The Logic of Voter ID

The voter ID law recently enacted in Pennsylvania and which already operates in other states has occasioned considerable controversy. Although a majority of Americans polled favor the idea that would-be voters should be required to identify themselves with a license or with some other persuasive document, opposition persists. Allow me to express my considered view, which was also the position taken by the Supreme Court in 2002, that there is nothing constitutionally wrong with recent measures taken against voter fraud. They do not single out minorities; and the attempts being made by Attorney General Eric Holder, at the bidding of President Obama, to get the laws rescinded as an extension of the poll tax once used in the South to depress black turnout, are groundless. All that voters are being asked to do is provide evidence that they have a legal right to vote.
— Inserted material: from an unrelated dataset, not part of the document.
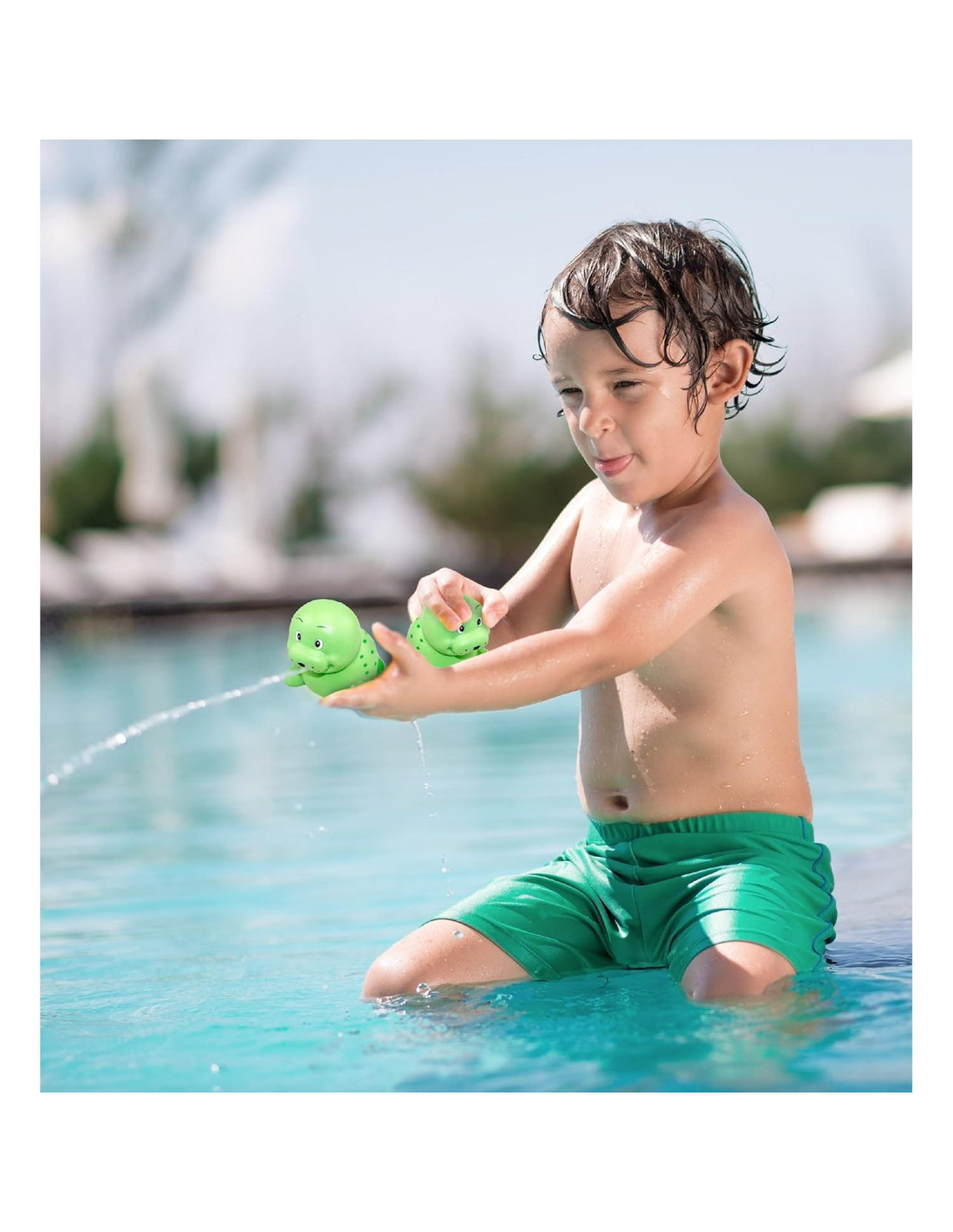 Divierte a tu pequeño con lindos juguetes de animales para la bañera que harán que quiera bañarse todos los días. El Juguete de Baño León Marino Verde de DolliBu es parte de nuestra colección de amigos de baño de vida marina y hace que cualquier actividad acuática sea una alegría. Ideal para la bañera, la piscina o la playa. Diseñado con colores vivos y fabricado con un tamaño perfecto para que las pequeñas manos lo sostengan y aprieten. Los lindos juguetes de bañera de animales o juguetes de baño son excelentes para educar a los niños pequeños y expandir su conocimiento sobre animales y colores. Juguete de bañera para bebés de tamaño perfecto que se puede jugar en la bañera, piscina o playa para diversión sin fin y también se puede jugar al aire libre durante el juego imaginativo. ¡Úsalo como decoración de juguete para una habitación temática de animales! Los flotadores en forma de león marino para bebés también son regalos lindos para los niños pequeños. ¡Haz que tus hijos esperen con ansias la hora del baño! Los juguetes de baño son perfectos para los niños que disfrutan pasar tiempo en el agua. Un juguete divertido para jugar con hermanos y amigos en una bañera o piscina. Perfecto para padres que quieren hacer de la hora del baño una experiencia divertida y educativa para sus hijos. Regalo ideal para futuras madres o como obsequios en fiestas infantiles. Incluye 1 Juguete Amigo de Baño León Marino Verde para niños. El juguete de baño de vida marina presenta bordes suaves, redondeados y lisos para garantizar la seguridad de los niños mientras disfrutan de divertidos juegos de agua. Diseñado con lunares verdes en la espalda y ojos grandes. El adorable león marino lanza agua desde un pequeño agujero cuando se aprieta. El Amigo de Baño León Marino es un juguete flotante para la bañera o piscina, hecho de materiales de goma de alta calidad. El juguete de baño león marino es duradero, ligero y está coloreado con materiales no tóxicos, lo que lo hace más seguro y fácil para que los niños jueguen en la ducha o mientras disfrutan de un baño. Preserva el juguete de baño apretándolo a mano, exprimiendo toda el agua y dejándolo secar antes del próximo uso para evitar cualquier acumulación. El flotador de león marino para bebés mide 7.62 cm, tamaño perfecto para las pequeñas manos de los bebés.

One counter-argument is that although Republicans may gain in the short run by enacting voter ID laws, they will permanently lose the good will of certain groups. But this is entirely unconvincing.  Those who may be excluded by the laws would never likely vote Republican; and those who have complained the most loudly against the laws are black advocates and Democratic operatives, neither of which group seems to be a promising target for Republican persuasion. Despite recent attempts by Mitt Romney to court the black vote, he will not likely obtain more of it than McCain, who picked up only five percent. Would it pay for Pennsylvania Governor Corbett and other Republican politicians to reject voter ID measures on the grounds that they may alienate those who already decidedly against them?
This is like imagining a situation in which Obama and Holder would refrain from challenging known Christian traditionalists and NRA lobbyists who are improperly registered to vote. The Dems would be fools if they did this. And let me hazard the assumption that those who are criticizing Republican support of the ID measures would not object in the least if the present administration found some legal means of preventing their opponents from voting.